# from David Golden
# on Tuesday 29 June 2010 13:17:
>>... and each appender can be individually toggled on or off ...
>> ... whether I want the issue detected at compile time or run time I
>> suppose, but is generally frowned upon to put imports down inside
>> class methods?
>
>I tend to think about it like this:
>
>(a) Mandatory for operation? Load it at compile time.
>(b) Optional and almost always loaded in normal operation? Load it at
> compile time.
>(c) Optional and only needed some of the time? Load it at runtime
> if/when needed.
(d) Significant chunks of code enabled? Package each one separately
with its tests, and compile-time dependencies declared in each dist.
So, you have an X, which can use the X::screen, X::email, X::foo
plugins / modes / polymorphic functors (or whatever you want to call
them.) Installing X by itself either does "nothing interesting" or
just some very basic functionality beyond loading the PFs, then each
X-foo dist requires X and the 'foo::whatever' modules.

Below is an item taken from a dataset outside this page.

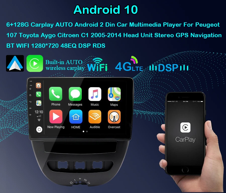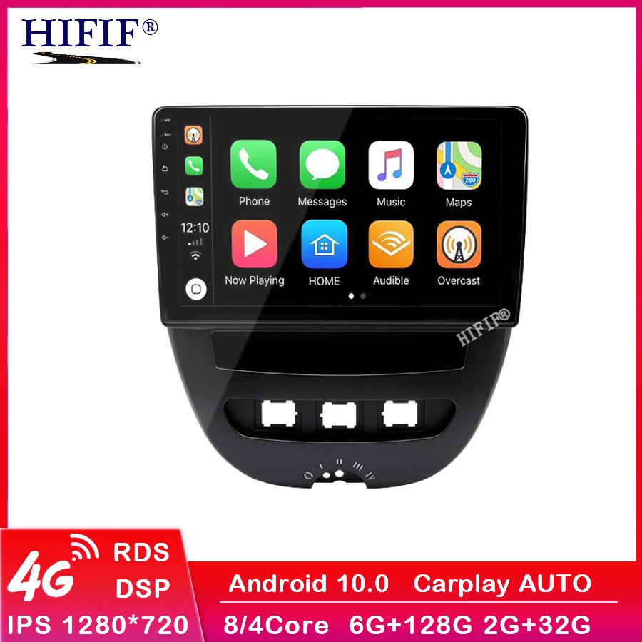 Автомобильный мультимедийный плеер 2 Din, Android 10, для Peugeot 107, Toyota Aygo, Citroen C1 2005-2014, стерео, GPS-навигация, BT, Wi-Fi

Then, just `require X::email` whenever needed by the config / usage.
This will ensure that you've got test coverage on your ::foo.
Otherwise, if 'foo::whatever' happens to get installed after X and
enabled at runtime, you're in a situation where your tests have never
run through that code and the user is going to find any bugs or API
incompatibilities the hard way.
--Eric
--
"But as to modern architecture, let us drop it and let us take
modernistic out and shoot it at sunrise."